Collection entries
=======

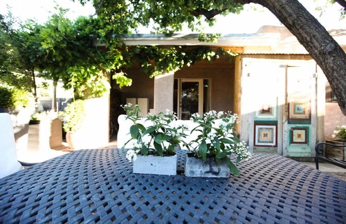 Looking for the perfect romantic Santa Fe retreat? Casa Sophia is draped in Santa Fe charm and is only a 10-15 minute stroll to Santa Fe's 400 year old central plaza where you can enjoy live music and fine dining. Walk to the local Farmers Market in the Rail Yard (only moments away) as well as Canyon Road where you can visit over 100 of the finest art galleries in the world. Experience all that Santa Fe has to offer and then come home to diamond plaster walls, wood floors, beamed ceilings and outdoor spaces secluded from the outside world. This truly unique oasis has it all with location and privacy. Drop off your luggage and pop open a bottle of sauvignon blanc and unwind in one of two serene gardens depending on the time of day.
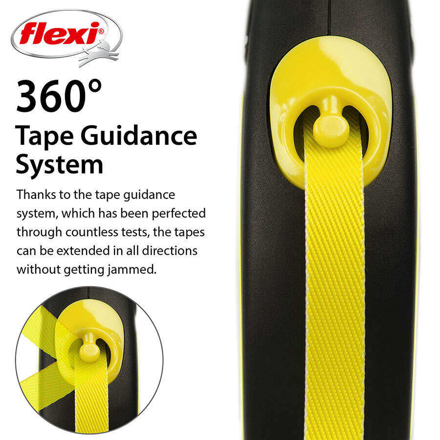 Flexinin göz kamaştıran Neon serisi parlak uzatması ve yansıyan gövdesi ile oldukça dikkat çekicidir. 25 kg ağırlığa kadar olan köpekler için güvenle kullanılabilecek, otomatik sarmallı, yumuşak tutuşlu, güvenlik plus sistemli gezdirme tasmasıdır.
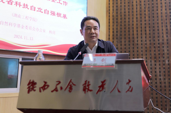 会议第二阶段,湖南省自然科学基金委员会办公室主任杨剑作题为“切实加强自然科学基金工作,夯实我省科技自立自强根基”的培训报告。他深入阐述了自然科学基金的重要性,并强调加强基础研究、抢抓历史机遇和加强沟通协调的必要性。杨剑的报告高屋建瓴、深入浅出,内容精彩,引人入胜。
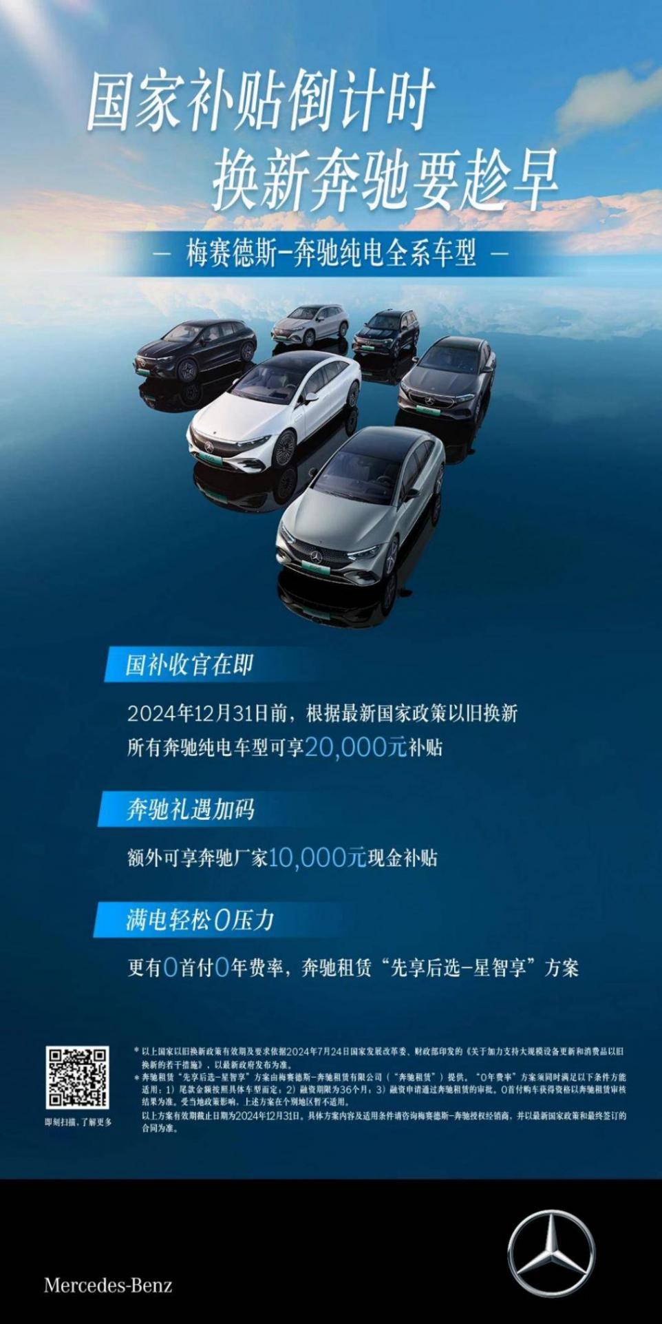 奔馳方面,在2024年12月31日前同樣享受最新國家政策進行以舊換新,以及不同金額的保險補貼或金融貸款方案。
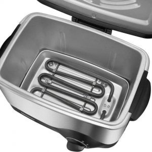 Đèn báo chức năng cho biết thiết bị nhỏ gọn đang hoạt động. Sự kết hợp giữa các yếu tố nhựa đen và thép không gỉ được đánh bóng mờ cũng làm cho DEEP FRYER Compact trở thành một yếu tố làm hài lòng thị giác. Có bốn mức nhiệt độ để lựa chọn - 130, 150, 170 hoặc 190 ° C, có thể dễ dàng cài đặt thông qua điều khiển xoay.
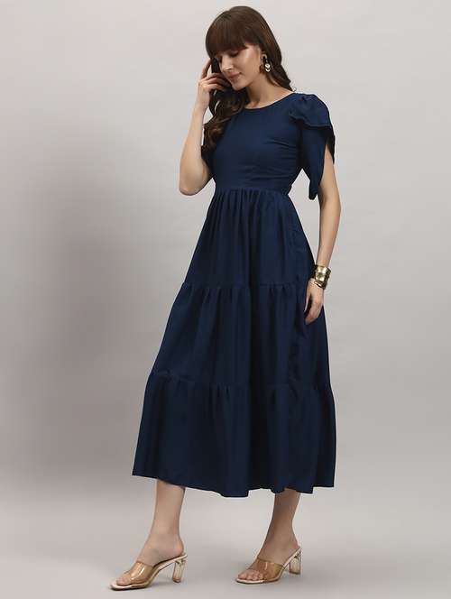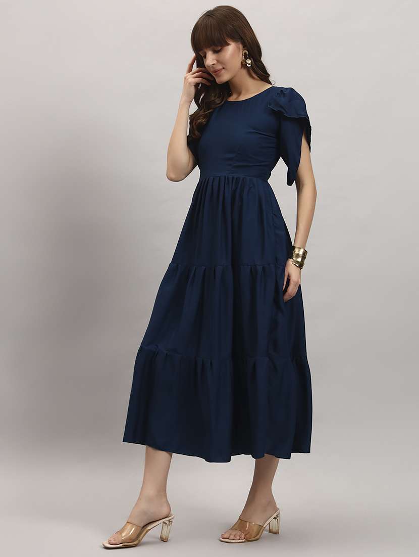 women solid tulip sleeve tiered dress
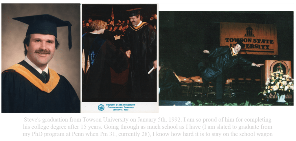 Working full-time at Rosewood slowed his college progress to a crawl but he stayed the course and graduated with a Bachelor of Science degree in psychology in ’92, 15 years after starting at Towson. My dad was proud of graduating from college and constantly joked about how long it took him to get that degree. I was born later that same year and my dad named me Eric, after Eric Clapton. He was incredibly proud and happy to be a father. While attending Towson and working at Rosewood, Steve lived in and around the Baltimore/Towson area, but soon after my parents got married, they bought their first house in the northeast Baltimore city neighborhood of Hamilton. We eventually moved to Towson in 2007, just before I started high school.
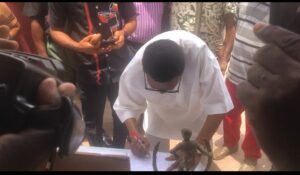 H.E Sen. Jim Nwobodo during the signing of condolence register at late Christian Chukwu’s residence
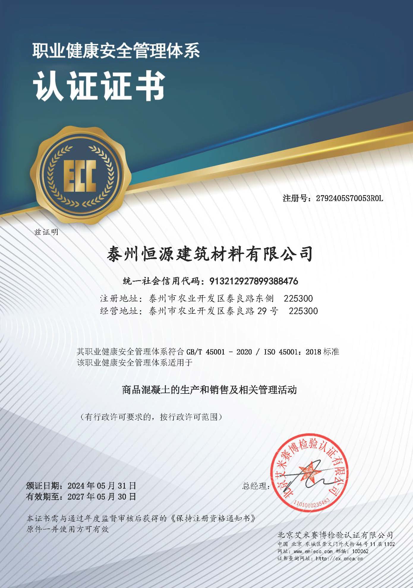 近期,泰州恒源建筑材料有限公司順利通過了GB/T14001  GB/T45001管理體系認證并已獲得了相關(guān)證書。這標志著我司已步入規(guī)范化、標準化、科學化的現(xiàn)代企業(yè)管理軌道,企業(yè)各項管理工作以及企業(yè)文化邁上了一個新的臺階。
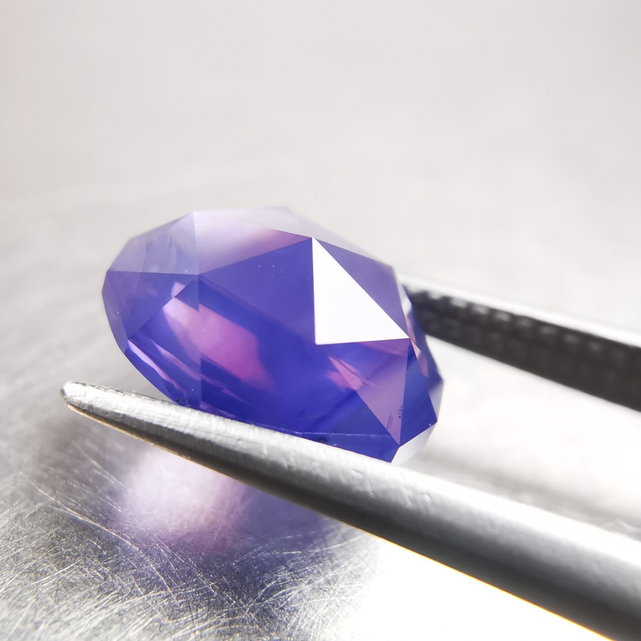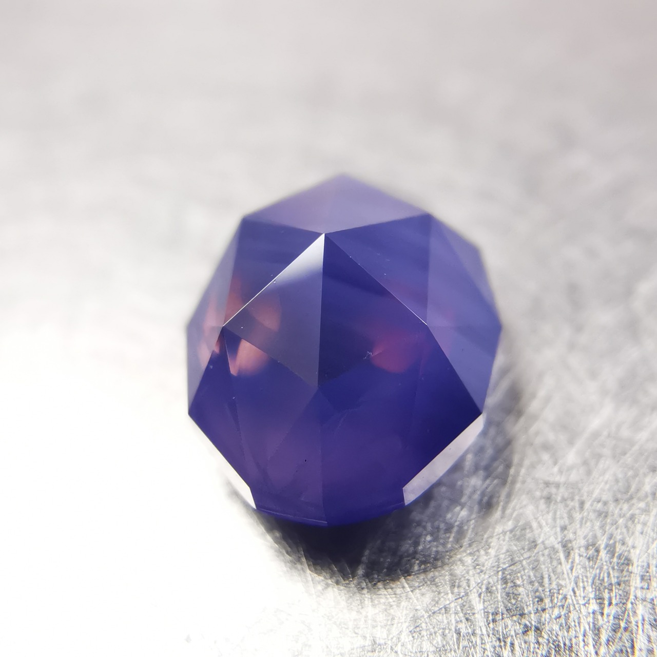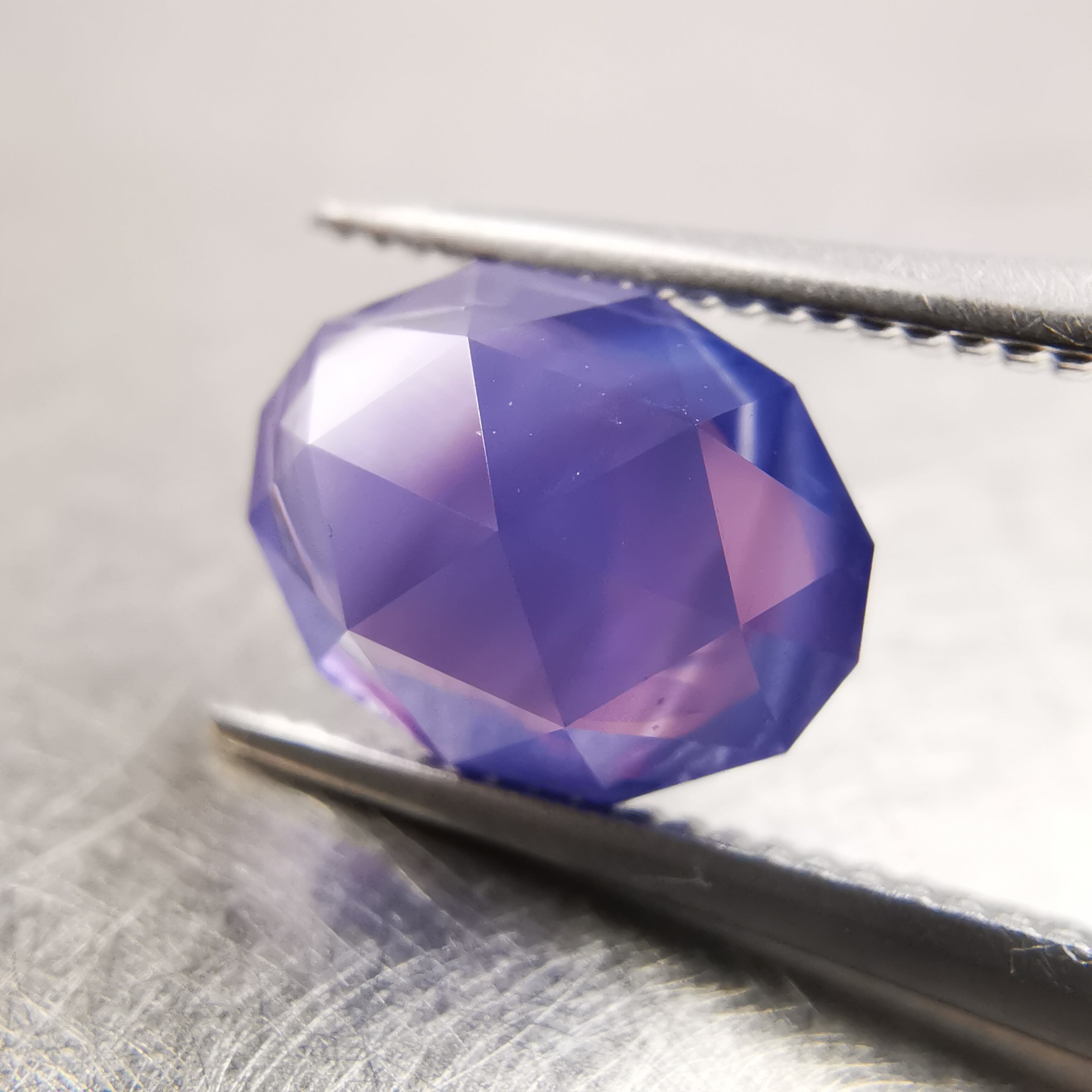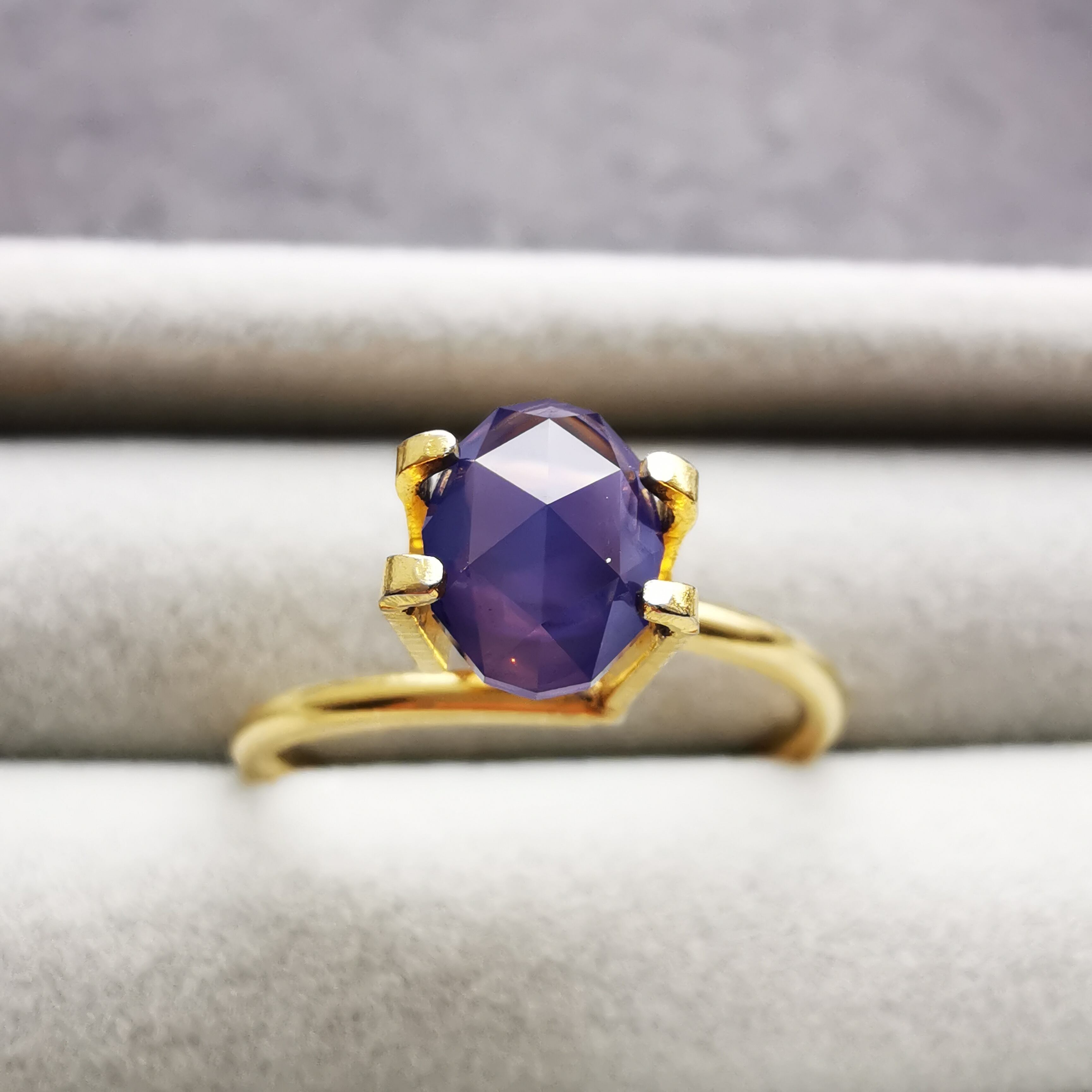 スモーキーで不透明なパープルに隠れたモーブピンクが、時おり垣間見えるサファイアです。

=======

EXERCISE DETAILS: Return all the lines above exactly; none of the pictures should appear.

WRITTEN ANSWER:
 Looking for the perfect romantic Santa Fe retreat? Casa Sophia is draped in Santa Fe charm and is only a 10-15 minute stroll to Santa Fe's 400 year old central plaza where you can enjoy live music and fine dining. Walk to the local Farmers Market in the Rail Yard (only moments away) as well as Canyon Road where you can visit over 100 of the finest art galleries in the world. Experience all that Santa Fe has to offer and then come home to diamond plaster walls, wood floors, beamed ceilings and outdoor spaces secluded from the outside world. This truly unique oasis has it all with location and privacy. Drop off your luggage and pop open a bottle of sauvignon blanc and unwind in one of two serene gardens depending on the time of day.
 Flexinin göz kamaştıran Neon serisi parlak uzatması ve yansıyan gövdesi ile oldukça dikkat çekicidir. 25 kg ağırlığa kadar olan köpekler için güvenle kullanılabilecek, otomatik sarmallı, yumuşak tutuşlu, güvenlik plus sistemli gezdirme tasmasıdır.
 会议第二阶段,湖南省自然科学基金委员会办公室主任杨剑作题为“切实加强自然科学基金工作,夯实我省科技自立自强根基”的培训报告。他深入阐述了自然科学基金的重要性,并强调加强基础研究、抢抓历史机遇和加强沟通协调的必要性。杨剑的报告高屋建瓴、深入浅出,内容精彩,引人入胜。
 奔馳方面,在2024年12月31日前同樣享受最新國家政策進行以舊換新,以及不同金額的保險補貼或金融貸款方案。
 Đèn báo chức năng cho biết thiết bị nhỏ gọn đang hoạt động. Sự kết hợp giữa các yếu tố nhựa đen và thép không gỉ được đánh bóng mờ cũng làm cho DEEP FRYER Compact trở thành một yếu tố làm hài lòng thị giác. Có bốn mức nhiệt độ để lựa chọn - 130, 150, 170 hoặc 190 ° C, có thể dễ dàng cài đặt thông qua điều khiển xoay.
 women solid tulip sleeve tiered dress
 Working full-time at Rosewood slowed his college progress to a crawl but he stayed the course and graduated with a Bachelor of Science degree in psychology in ’92, 15 years after starting at Towson. My dad was proud of graduating from college and constantly joked about how long it took him to get that degree. I was born later that same year and my dad named me Eric, after Eric Clapton. He was incredibly proud and happy to be a father. While attending Towson and working at Rosewood, Steve lived in and around the Baltimore/Towson area, but soon after my parents got married, they bought their first house in the northeast Baltimore city neighborhood of Hamilton. We eventually moved to Towson in 2007, just before I started high school.
 H.E Sen. Jim Nwobodo during the signing of condolence register at late Christian Chukwu’s residence
 近期,泰州恒源建筑材料有限公司順利通過了GB/T14001  GB/T45001管理體系認證并已獲得了相關(guān)證書。這標志著我司已步入規(guī)范化、標準化、科學化的現(xiàn)代企業(yè)管理軌道,企業(yè)各項管理工作以及企業(yè)文化邁上了一個新的臺階。
 スモーキーで不透明なパープルに隠れたモーブピンクが、時おり垣間見えるサファイアです。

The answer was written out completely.